偉大なる航路の前半に位置する世界政府の直轄地、エニエスロビー。柵で囲まれた島に降り、正門を抜けると、本島前門と裁判所の先にある離れ小島に、司法の塔というものが見える。離れ小島の周りには、島全体を守るようにぽっかりと黒い穴が開いており、底の見えない穴には沢山の水が流れ落ちていく。
そして、このエニエスロビーを統べるのは、世界政府直下の暗躍諜報機関CP9で最高指揮官を務めるスパンダムという男。――なのだが、この男は一体どういうわけか、各地に散らばった面々をこの地に呼び戻していた。
「みんなが揃うなんて、久しぶりだよねぇ」
人数分用意されたソファに腰をかけて、めいめいにスパンダム司令長官を待つ間、中でも若手であるアネッタがそわそわと肩を揺らして呟く。それを見て「こら、大人しくせんか」と叱ったのは、同輩であるカクという男で、彼は足を組んだまま息を吐き出した。
「何よぉ、大人しくしてるじゃない」
「一から言わんと分からんのか?黙っとれと言っておるんじゃ」
「だってさぁ、私とカクは常日頃一緒でも、全員集まるなんて半年ぶりなんだもん!」
浮かれたって仕方ないでしょ、とアネッタ。
確かに、彼女の言うとおり、任務に駆り出されて忙しない日々を過ごす彼らが揃うことは稀だ。浮かれる気持ちも理解出来なくは無いが、かといって司令長官室で浮かれても良いという理由にはならない。現にアネッタはこのCP9を束ねるロブ・ルッチから「黙っていろ」と一言貰い、ブルーノからは「直ぐに長官が戻ってくる」と釘を刺されていた。

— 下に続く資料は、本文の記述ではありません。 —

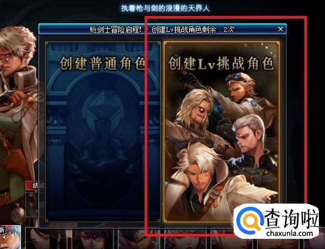 在创建角色的模式选择中,选择“创建LV挑战角色”,拟定角色名称后点击“创建”按钮即可。
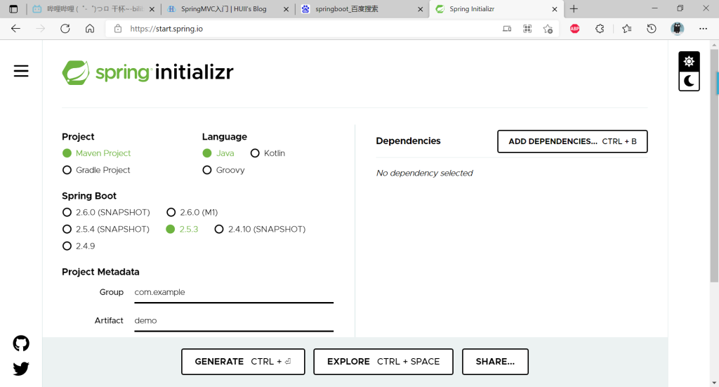 官方提供快速生成网站,IDEA集成了。
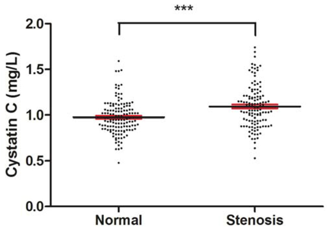 In summary, although further validation and evaluation in clinical settings are needed, the present findings showed that increased serum CysC was highly associated with large cerebral artery stenosis and was an independent risk factor of large cerebral artery stenosis in patients with AIS.
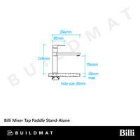 Billi Mixer Tap Paddle Stand-Alone Matte White
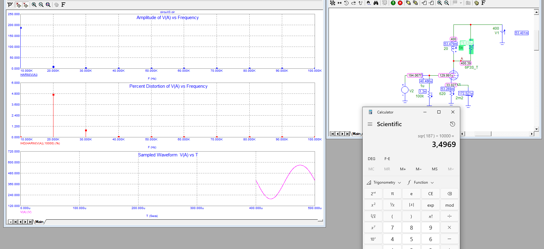Если надо точно 3к5, то анодное 300. В начале клиппинга 9ватт, при искажениях поменьше - 6-7 ваттт. Здесь драйвер уже 6Н1П

まぁ、彼女は高い位置で束ねたポニーテールを揺らしながら「はぁい」というだけで、あまり反省の色を見せていなかったが。
しかし、その緩んだ空気が再度引き締まったのは、司令長官室の扉がノック音もなく開いた時のこと。この司令長官室にノック音無しに入るのはスパンダム本人、あるいはそれよりも上の立場の者しかいない。よって彼らは多少なりとも崩した体勢を整え、背筋を伸ばすと、部屋へと戻ってきたスパンダムへと視線を向けた。
「あぁ、なんだもう来ていたのか」
スパンダムは僅かに驚きを滲ませたが、全員が早くに揃って不都合なことはない。彼はすぐに機嫌よく口角を吊り上げると、まずは上辺だけの労いを向けた。
「……お前たち、ご苦労。今回は急に呼び寄せちまって悪いな」
しかしまぁ、付き人も無く、最高指揮官の立場で一体何処へ行っていたというのか。ここで誰一人として尋ねもしないあたり、スパンダムへの信頼が底知れるわけだが、彼は手にした書類の束を執務机に置くと一呼吸開けてみなを見渡し、そして静かに言った。

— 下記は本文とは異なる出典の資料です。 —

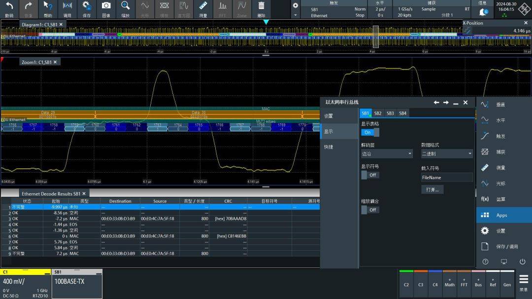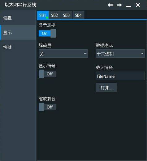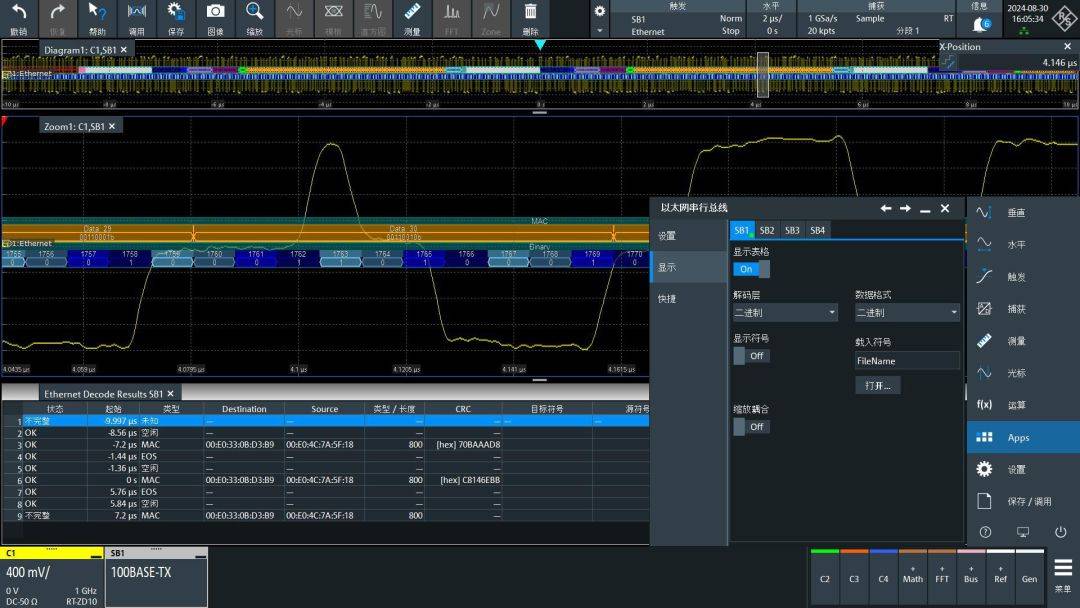 在显示设置中,右侧的数据格式指的是对于解出数据结果如何显示,如果要观察MAC地址建议选十六进制,如果要观察IP地址建议选无正负(整数),最终要对比4B5B结果时建议选二进制。解码层也很重要,尤其是后面对比波形和解码结果时,打开后会在彩色解码结果下出现额外的蓝色结果,我们会在文章的后半部分对其详细讲解。

「今回呼び戻したのは他でもない、お前たちにやってもらいたい任務がある」
「……全員、ですか?」
一番に尋ねたのは、すらりとした長身美女のカリファであった。彼女は秘書官よろしく眼鏡をくいと上げたが、表情はどこか訝し気にも見える。
「あぁ。今回の任務はあの五老星からの最重要任務でな。依頼内容も一人二人じゃあ逆に効率が悪いってんで、全員を寄越すことになったわけだ」
五老星といえば世界政府の最高権力者だ。それが世界政府総帥を挟まずに、わざわざ最重要任務とまで銘打って任務を寄越したと言う事は、余程の訳ありなのだろう。当然、彼らに従う立場であるCP9に拒否権などある筈もなく、文句ひとつ帰ってこないことを確認したスパンダムは、執務机に手をついて悠然と語り始めた。
今回の任務は【古竜】と呼ばれる、太古から存在する竜の心臓を手に入れること。この心臓は非常に貴重で、何らかの力を秘めているようだが任務背景は不明。また、古竜の行方は掴めていない割に、期限は二カ月と非常に短く設定されており、正直なところ腑に落ちないし、無謀かつ無茶な任務だ。しかし、先のとおりこのCP9という組織は、従う立場であって拒否権は与えられていない。よって、人数分手渡された書類に目を通した彼らは難しい顔をしていたが、誰一人として嫌だと口にする事はなかった。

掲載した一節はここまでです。